Cyclin-dependent kinase (CDK)4/6 inhibitors plus endocrine therapy represents the standard first-line treatment for patients with hormone receptor-positive, human epidermal growth factor receptor 2 (HER2)-negative advanced breast cancer. The introduction of CDK4/6 inhibitors has significantly improved the prognosis of breast cancer patients. However, it has also brought new clinical challenges, such as disease progression and treatment resistance in many patients. Currently, there is a lack of standardized subsequent treatment options for patients whose disease progresses after CDK4/6 inhibitor combined with endocrine therapy. Endocrine therapy resistance can lead to tumor progression through estrogen receptor (ESR)-dependent or ESR-independent pathways. Novel endocrine agents have the potential to benefit breast cancer patients harboring ESR1 mutations.

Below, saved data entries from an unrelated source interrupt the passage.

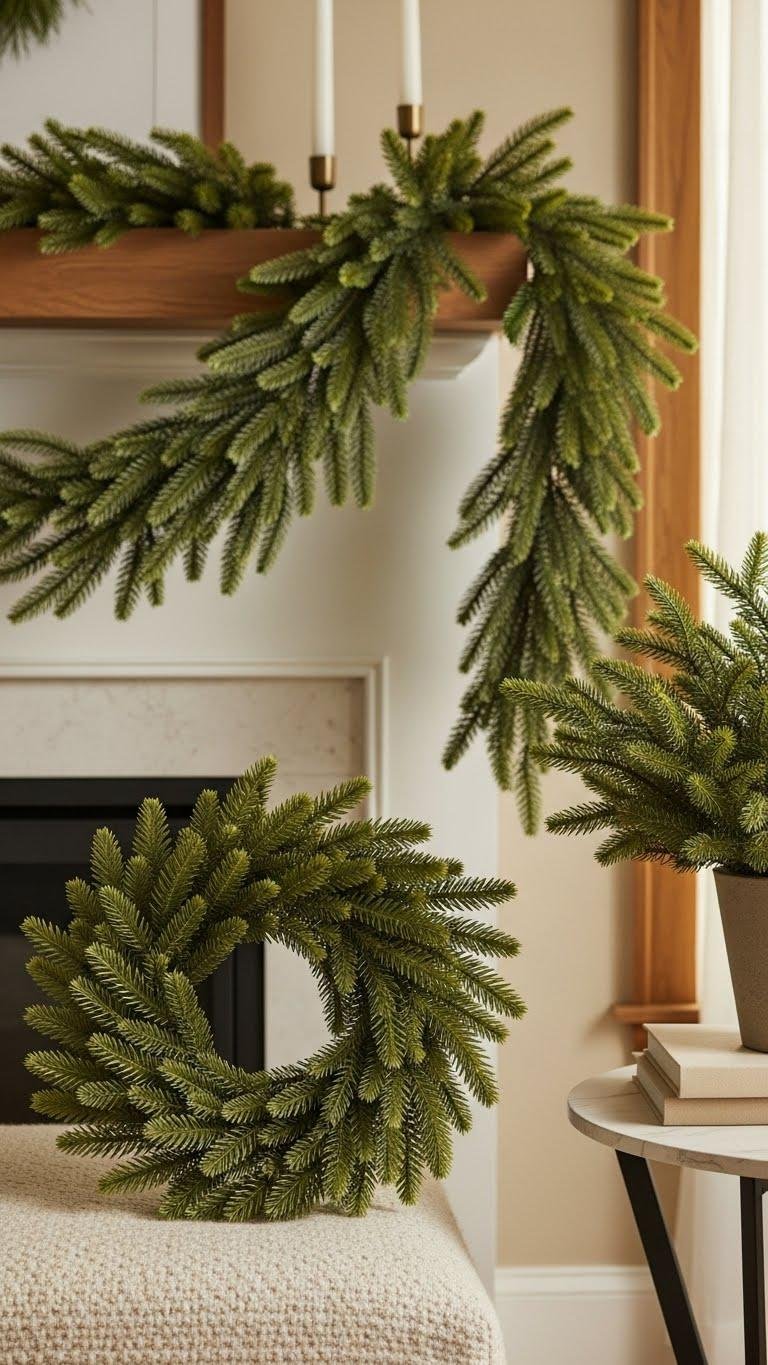 When you want the look of fresh evergreens without daily care, high-quality faux greenery gives you that effortless, lived-in feel—silky needles, varied tones, and subtle imperfections mimic real branches so closely guests will do a double take.
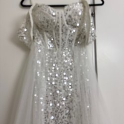 Vit klänning med spetts, tyll och skimrande detaljer i midjan. Underkjol av tyll. Stretch-material i överdel. Knä-lång. Bara använd några gånger.
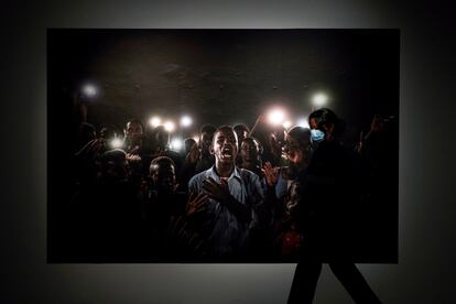 Temas como el cambio climático y la crisis medioambiental, el odio a nivel global, los problemas de género, la relación con la fauna salvaje y la protesta ciudadana, que son los protagonistas absolutos de las imágenes seleccionadas en esta edición. Como la gran ganadora, Straight Voica (voz firme o voz convencida) del japonés Yasuyoshi Chiba, tomada en Jartum, capital de Sudán, y publicada por France-Presse en la que puede verse a un joven de 15 años recitando un poema durante las manifestaciones contra el régimen rodeado de un grupo de personas que lo iluminan con sus móviles tras el corte del fluido eléctrico de los militares. “El jurado premió la foto por mostrar que la juventud tiene voz y rechaza las autoridades”, recordó Silvia Omedes, directora de Photographic Social Vision, fundación que lleva 16 años trayendo a Barcelona la muestra que se podrá visitar en Barcelona hasta el 20 de diciembre. “La misión de nuestra entidad es que el fotoperiodismo se reconozca como una herramienta fundamental en democracia”, dijo Omedes, que recordó que las imágenes son “veraces, de alta calidad y no manipuladas; necesarias poder llegar al ciudadano; una opinión crítica y veraz de lo que pasa en el mundo”.
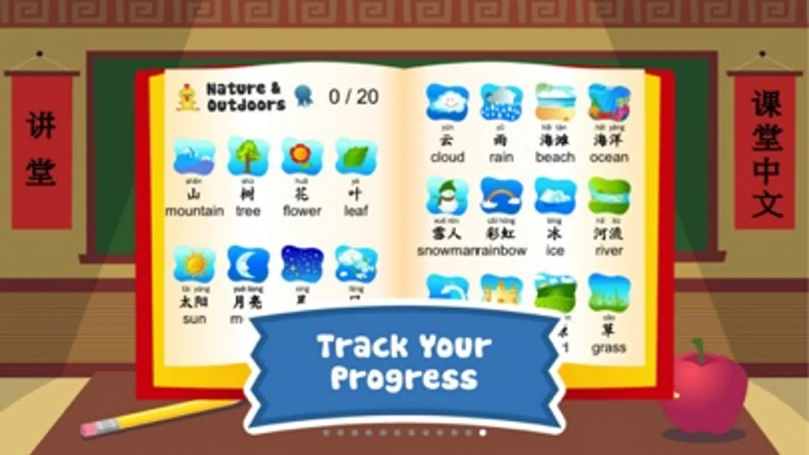 Kids Learn Mandarin is a fun, educational game that will teach your child to speak, write and read over 200 Mandarin Chinese Words.
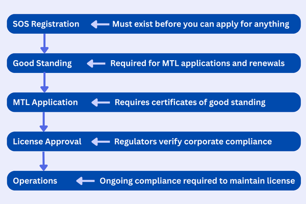 Regulators require proof of entity formation, good standing certificates (valid 30–90 days), and active registered agents before reviewing MTL apps. Without it, you can't legally apply or operate.
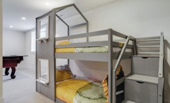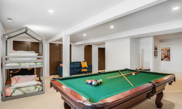 3. Downstairs is a bedroom with pool table and bunk beds and Queen sofa bed

Patients with alterations in the phosphoinositide 3-kinase (PI3K)/protein kinase B (AKT)/mammalian target of rapamycin (mTOR) pathway may be particularly sensitive to targeted inhibitors of this pathway. Furthermore, newly approved or investigational antibody-drug conjugate (ADC), immunotherapy-based combinations, and novel cell cycle inhibitors have demonstrated promising anti-tumor activities. Precision medicine-based combination strategies not only expand clinical treatment options but also enable physicians to make personalized treatment decisions for patients. Biomarker-driven precision therapeutic strategies have emerged as a critical area of treatment development in the post-CDK4/6 inhibitor era.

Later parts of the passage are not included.